Configuration Options

The APIToolkit FastAPI SDK offers a range of configuration options to tailor its behavior according to your application’s needs. When you create an instance of the APIToolkit class, you can pass in a configuration object to customize its functionality. This section outlines those options and provides examples of how to use them.

Required Parameters

  1. api_key: This is the API key provided by APIToolkit for authentication. This field is mandatory to ensure secure communication between your FastAPI application and the APIToolkit servers.

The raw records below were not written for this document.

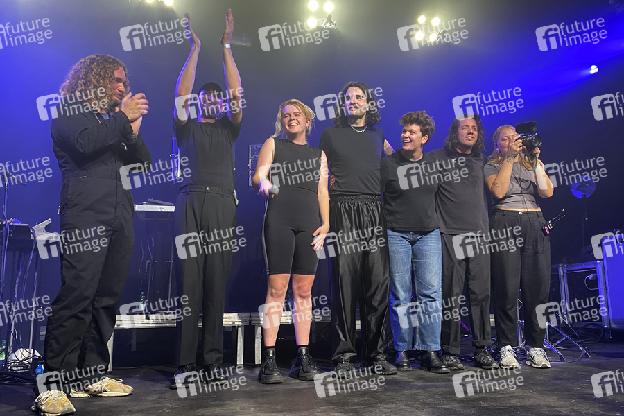 Zaho de Sagazan mit Band und Crew live bei einem Konzert in der Kantine. Köln, 17.10.2024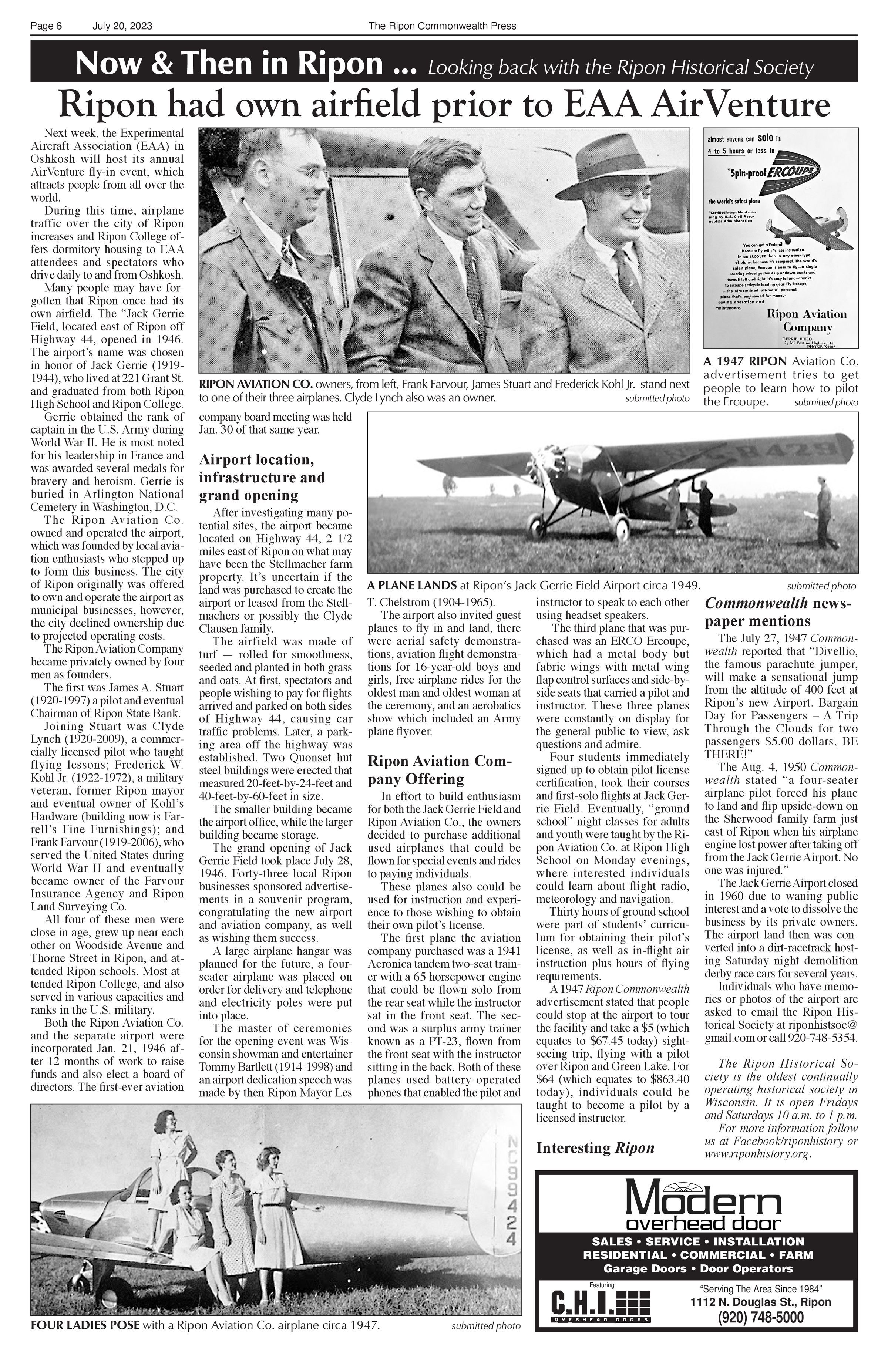 Article title: "Ripon had own airfield prior to EAA AirVenture," July 20, 2023, Issue 29.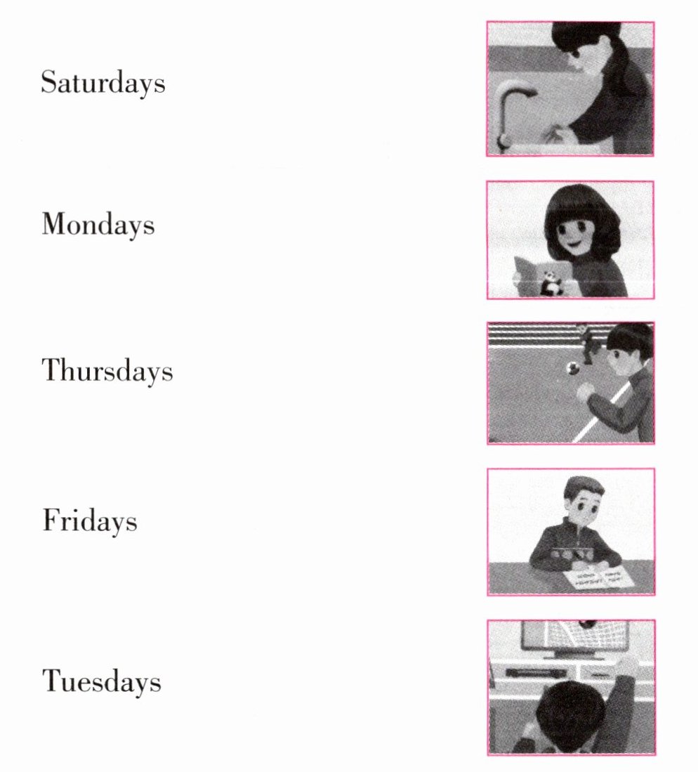 ) 3. A. do homework B. read books C. draw pictures(

    api_key="YOUR_API_KEY"
    

Optional Parameters

  1. redact_headers: This is an array of HTTP header field names that you want to redact from the data sent to APIToolkit. This is useful for removing sensitive data like authentication tokens.

    redact_headers=["Authorization", "Cookie"]
    
  2. redact_request_body: An array of JSONPath expressions specifying which fields should be redacted from the request body. This helps in eliminating sensitive data making sure it doesn’t get sent to APIToolkit.

    redact_request_body=["$.user.password", "$.creditCard.number"]
    
  3. redact_response_body: Similar to redact_request_body, but for the response body. This ensures that sensitive data is not sent to APIToolkit.

    redact_response_body=["$.api_key", "$.user.social_security_number"]
    
  4. debug: Set this to True to enable debug logging.

Redacting Sensitive Information

Protecting sensitive information is a critical aspect of any application. The APIToolkit FastAPI SDK offers several options to redact sensitive data from your API requests and responses. This section provides an in-depth guide on how to utilize these features.

Redacting Headers

HTTP headers often contain sensitive information like authentication tokens or cookies. To redact specific headers:

  1. Identify Headers: Determine which headers contain sensitive information.

  2. Use redact_headers Option: Include the identified headers in the redact_headers configuration option when initializing the APIToolkit SDK.

    redact_headers = ["Authorization", "X-Secret-Token"]
    

    Here is how you integrate it into your existing code:

    apitoolkit_client = APIToolkit(
        api_key="YOUR_API_KEY",
        redact_headers=["Authorization", "X-Secret-Token"]
    )
    

Redacting Request and Response Fields

Sensitive data often resides in the body of HTTP requests and responses. The SDK allows you to redact these fields using JSONPath expressions.

  1. Identify Sensitive Fields: Figure out which fields in the request and response bodies are sensitive.

  2. Use redact_request_body and redact_response_body Options: Provide JSONPath expressions targeting the fields you want to redact.

    redact_request_body = ["$.password", "$.user.credit_card"]
    redact_response_body = ["$.token", "$.user.ssn"]
    

    Here’s how to include these options during SDK initialization:

    apitoolkit_client = APIToolkit(
        api_key="YOUR_API_KEY",
        redact_request_body=["$.password", "$.user.credit_card"],
        redact_response_body=["$.token", "$.user.ssn"]
    )
    

Example: Full Redaction Configuration

Combining all the redaction options, your initialization code could look like this:

from fastapi import FastAPI
from apitoolkit_fastapi import APIToolkit

app = FastAPI()

# Initialize APIToolkit with redaction options
apitoolkit_client = APIToolkit(
    api_key="YOUR_API_KEY",
    redact_headers=["Authorization", "X-Secret-Token"],
    redact_request_body=["$.password", "$.user.credit_card"],
    redact_response_body=["$.token", "$.user.ssn"]
)
app.middleware('http')(apitoolkit_client.middleware)

@app.get("/")
def read_root():
    return {"Hello": "World"}

By following these guidelines, you can ensure that sensitive data is redacted before it ever leaves your server, thereby enhancing the security of your application.

Congratulations! You’ve successfully set up FastAPI to send data to APIToolkit. Now you can monitor your API, identify anomalies, and more through your APIToolkit dashboard.